Melihat fakta yang ada, keadaan bangsa Indonesia masih jauh dari cita-cita bangsa mandiri. Ketergantungan, lebih dari sekadar bantuan, dalam menyelesaikan berbagai persoalan, berakibat bangsa ini terjerat ketidakmandirian. Aspek ideologi, politik, ekonomi, sosial, budaya, pertahanan, dan keamanan dalam kungkungan bangsa lain. Krisis identitas dan jati diri sebagai bangsa mulai berkembang sebagai akibat implementasi westernisasi tanpa filtrasi kebudayaan.

Mendidik Insan Mandiri
Ki Sarino Mangunpranoto, merumuskan jiwa mandiri sebagai pribadi ksatria yang tidak mengharap bantuan orang lain dengan ikatan apapun. Ia mampu bekerja tanpa perintah orang lain. Ia mampu mengatur diri sendiri dan berkuasa atas dirinya sendiri. Jiwa mandiri hanya dapat dibangun dengan pendidikan merdeka.

Pendidikan merdeka akan mampu mengantarkan peserta didik menjadi insan mandiri. Dalam hal ini tiadalah mungkin orang dapat merdeka jika tidak mandiri. Untuk dapat mandiri maka harus makarya. Sebab dengan makarya orang akan mampu memperoleh penghasilan untuk mencukupi kebutuhan dirinya sendiri, keluarga dan mengambil peran dalam kehidupan bermasyarakat, berbangsa dan bernegara.

Melihat gerak langkah pembangunan pendidikan kita dewasa ini, harus diakui bahwa sudah banyak kemajuan yang dicapai. Berbagai prestasi regional dan internasional banyak didapat oleh anak-anak bangsa Indonesia. Tetapi, jika dikaitkan dengan tujuan akhir pendidikan merdeka menuju kemandirian, kita masih harus terus bekerja keras untuk mewujudkannya. .
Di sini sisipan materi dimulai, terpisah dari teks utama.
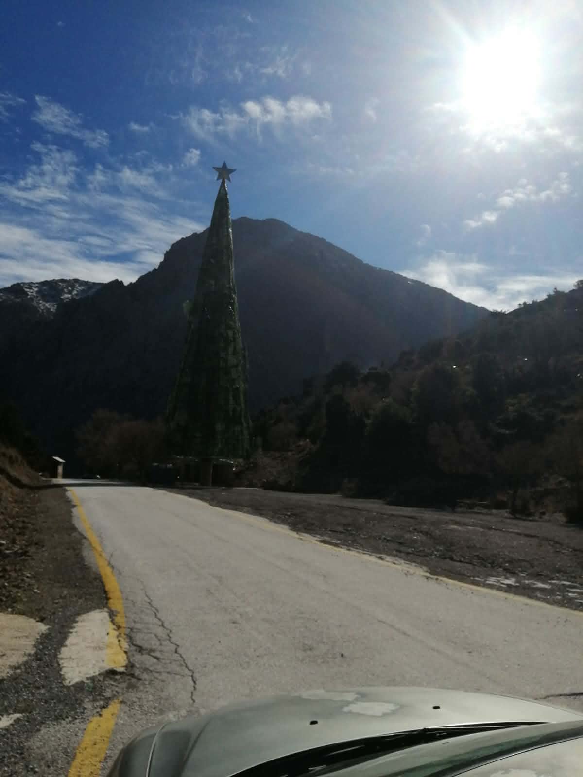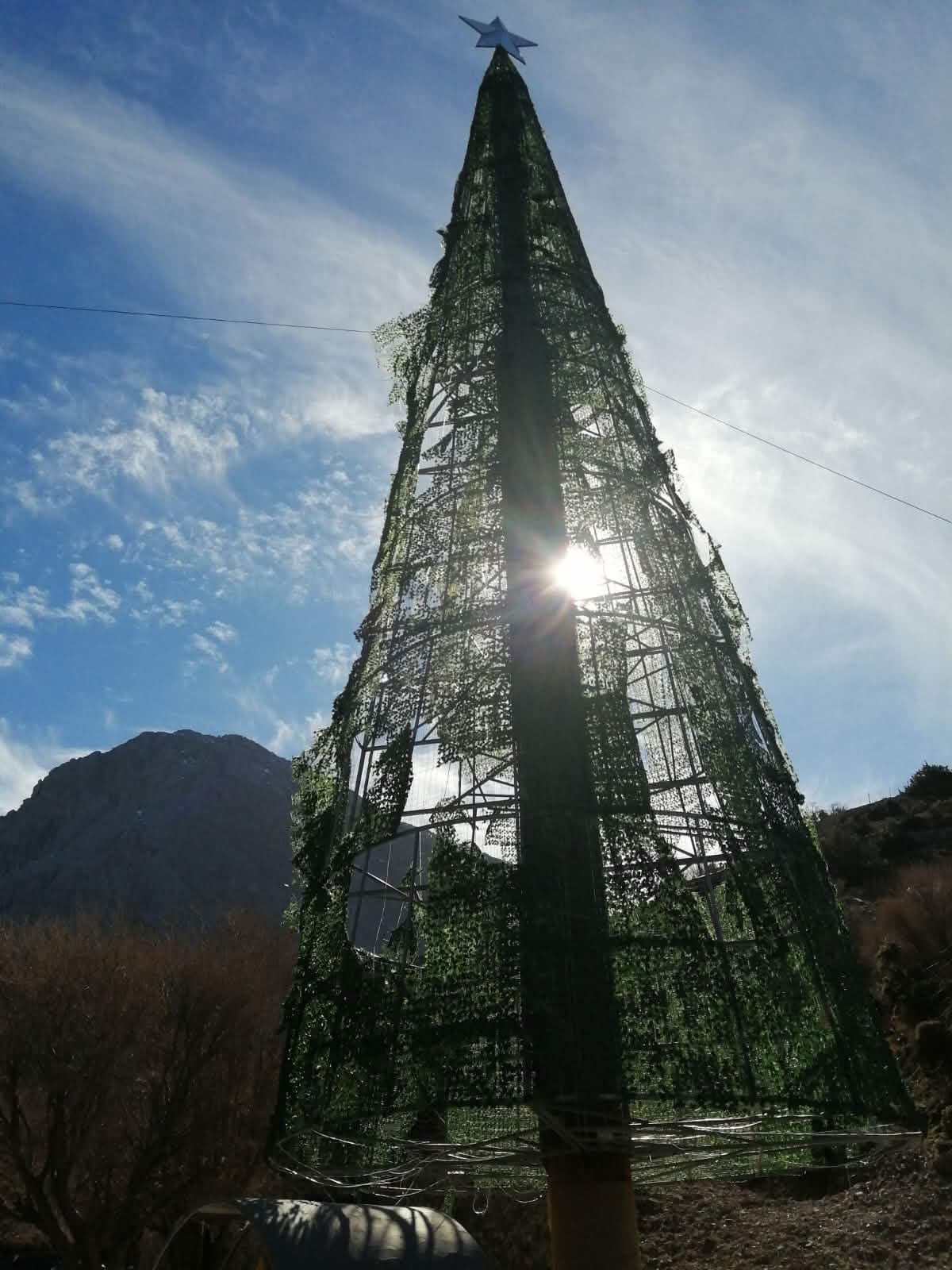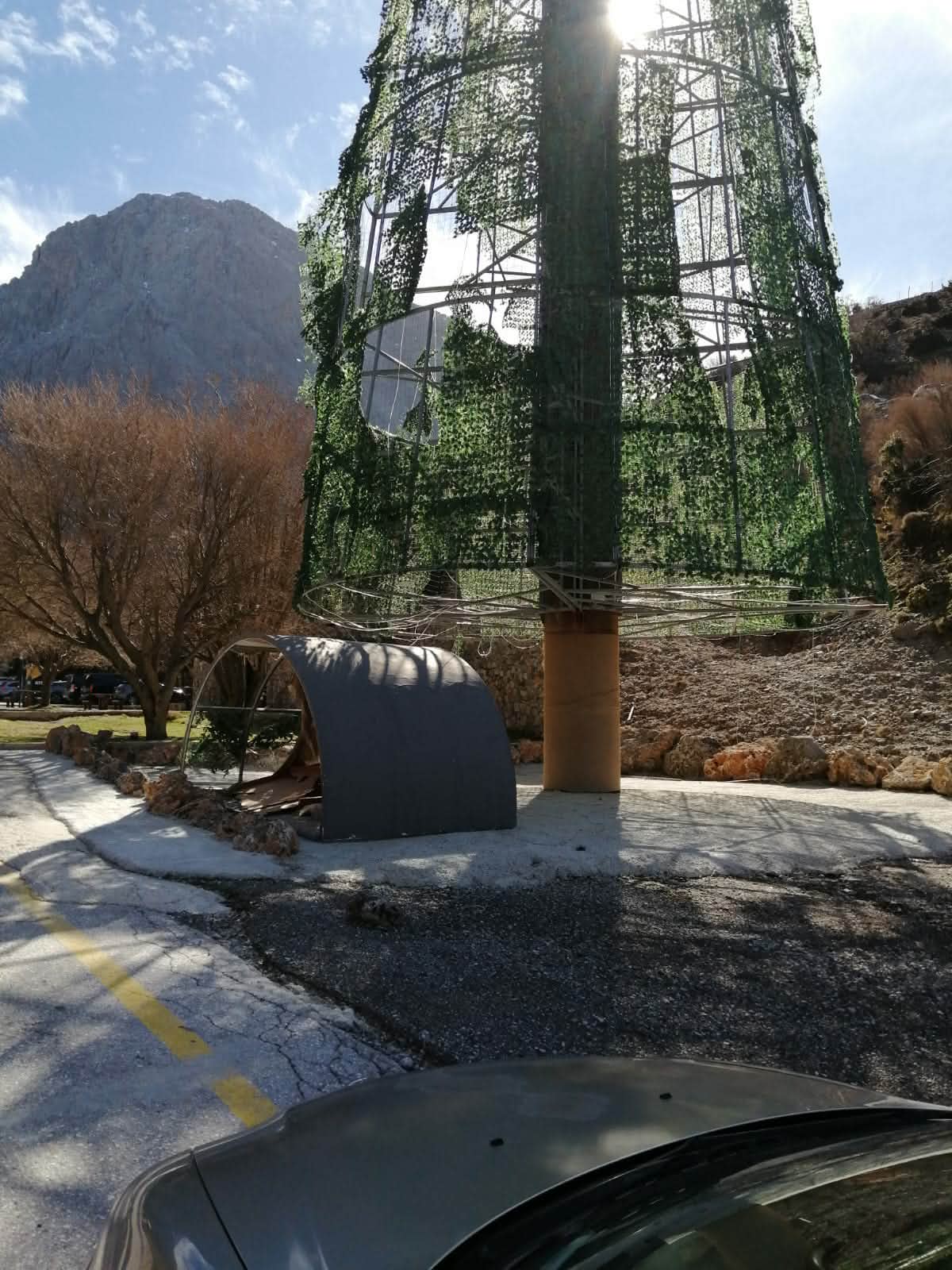 Το τραγικό είναι ότι λίγα μέτρα από την σιδηρά κατασκευή υπάρχουν πανύψηλα έλατα που θα μπορούσαν με τον κατάλληλο στολισμό να χρησιμοποιηθούν για την εορταστική περίοδο. Όχι όμως, στήθηκε αυτό το μεταλλικό δέντρο.

Tidak sedikit lulusan sekolah yang terpaksa menganggur. Keluar masuk kantor menenteng map berisi lamaran kerja. Hal ini merupakan indikasi gagalnya pendidikan menghasilkan insan mandiri. Mereka tidak mampu menciptakan lapangan pekerjaan. Jangankan lapangan pekerjaan untuk orang lain, untuk dirinya sendiri saja tidak ada kemampuan. Dalam kenyataan, mereka menggantungkan diri kepada “pemerintah”. Tidak mampu bernisiatif dan bekerja tanpa diperintah orang lain. Sekolah lebih banyak mengajarkan muatan intelektualisme dalam batasan-batasan ketat teoritik dengan mengesampingkan implementasi praktik dalam dunia nyata.

Benarlah olok-olok Ki Hadjar Dewantara, lihatlah itu cecak. Dia tidak sekolah. Dia tidak mempunyai ijazah. Tetapi dia tidak pernah mengganggur. Dia tahu dimana harus mencari makan. Dia tahu, dimana ada lampu, disana banyak datang nyamuk. Dan disanalah cecak mencari makan menangkap nyamuk makanannya. “Apes temen, wong pinter-pinter kok kalah karo cecak”.

Kegagalan mendidik insan mandiri nampak jelas dari tidak dimilikinya rasa percaya diri. Bukan hanya setelah lulus, para siswa tidak percaya diri sejak dibangku sekolah. Fenomena menyontek sampai dengan kecurangan-kecurangan lain dalam peneyelanggaraan ujian adalah bukti tidak percaya diri. Hal ini diperparah oleh sikap beberapa oknum pendidik yang tidak responsif menanggulangi kecurangan, tetapi tidak sedikit diantara mereka malah terlibat dalam praktik kecurangan itu.
Fakta tentang pelanggaran berindikasi kecurangan dalam pelaksanaan Ujian Nasional (UN) tahun 2008/2009 merupakan bukti gagalnya pendidikan kemandirian.. Kunci jawaban beredar sebelum dan selama pelaksanaan UN terjadi di 8 SMA. Naskah soal dalam bentuk sof copy beredar sebelum pelaksanaan UN pada 16 SMP dan 1 SMA. Pembetulan jawaban pada lembar jawab UN terjadi di 7 SMA. Guru memberikan jawaban saat ujian sedang berlangsung terjadi di 2 SMA dan 1 SMP. Disamping itu ada 1 SMP yang melakukan perbaikan lembar jawaban UN.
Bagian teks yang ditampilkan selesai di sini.